THE PEOPLE OF THE STATE OF ILLINOIS, PLAINTIFF-APPELLEE

v.

WAYNE PIERSON, DEFENDANT-APPELLANT



APPELLATE COURT OF ILLINOIS, FIRST DISTRICT, FOURTH DIVISION

519 N.E.2d 1185, 166 Ill. App. 3d 558, 117 Ill. Dec. 18 1988.IL.223

Appeal from the Circuit Court of Cook County; the Hon. Michael Getty, Judge, presiding.

APPELLATE Judges:

PRESIDING JUSTICE JIGANTI delivered the opinion of the court. JOHNSON and McMORROW, JJ., concur.

DECISION OF THE COURT DELIVERED BY THE HONORABLE JUDGE JIGANTI

Following a jury trial the defendant, Wayne Pierson, was convicted of murder (Ill. Rev. Stat. 1985, ch. 38, par. 9-1) and sentenced to a term of 28 years. He contends on appeal that the trial court erred in denying a motion to suppress his statement and that he was denied a fair trial as the result of certain inflammatory and improper remarks by the prosecutor during closing arguments. The defendant further contends that, if his statement is suppressed, the remaining evidence is insufficient to sustain his conviction for murder.

This cause involves the fatal shooting of Michael Samawi, a store owner, on January 5, 1985. Several days later, the 16-year-old defendant made a statement to the police implicating himself as the offender. At a hearing on the defendant's motion to suppress this statement, the State presented testimony that the police officers investigating the crime were told by the victim's nephew that he had received an anonymous phone call stating that three individuals, the defendant, Alfie Jones and Antoine Hudson, had knowledge of the shooting. Based on this tip the officers went to the defendant's home and obtained permission from the defendant's grandmother to speak with him about the shooting. After a brief conversation, the defendant voluntarily accompanied the officers as they picked up Alfie Jones and drove to the police station. At the station the defendant remained alone in an interview room while the police questioned Alfie Jones. According to the officers' testimony the defendant was not under arrest and was at all times free to leave.

Alfie Jones told the officers that he witnessed the shooting and gave a detailed statement concerning the incident. Jones stated that on January 4, 1985, he, the defendant and Antoine Hudson were at Hudson's house when the defendant produced a .32-caliber revolver which he claimed he had received from William Connor. On the following day they met again at Hudson's house and discussed "possible places that could be stuck up." At this time, the defendant produced the gun and said that it was fully loaded. He said that he was going to rob someone, but Jones and Hudson wanted no part of this plan. At approximately 6 p.m., the defendant left Hudson's house and walked toward 5700 South Morgan.

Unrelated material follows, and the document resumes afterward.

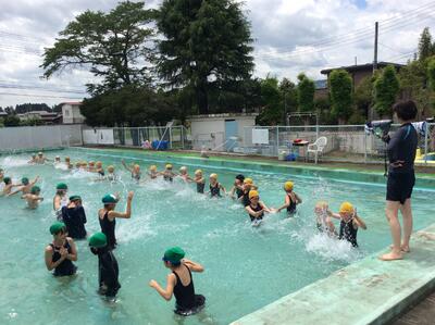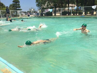 高学年の水泳の様子です。プールでの学習では距離を保ちながら、楽しく活動しています。近頃はコロナウイルス対策だけでなく、熱中症の対策も必要な季節になってきました。こまめに水分や休憩をとりながら夏を乗り切っていきましょう。

Jones and Hudson, knowing what the defendant had planned, positioned themselves on the north side of 57th Street where they had an unobstructed view of the store located at 5700 South Morgan. They watched as the defendant approached an Arab and a black man who were locking the security gates on the outside of the store. The defendant held the gun in his right hand, approached the Arab and said something. The Arab turned and took a step toward the defendant at which time the defendant fired two shots at him. The Arab moved closer, and the defendant fired two more shots at him. He grabbed his chest and the black man who was with him ran to call the police. The defendant ran east on 57th Street. As he passed Jones and Hudson, he removed a brown ski mask with yellow trim that he had been wearing. Jones had given him the ski mask earlier that day. Meanwhile, the Arab had managed to seat himself in a car awaiting arrival of the police. On the following day, the defendant showed Jones and Hudson four expended cartridge casings from the gun he had used in the shooting.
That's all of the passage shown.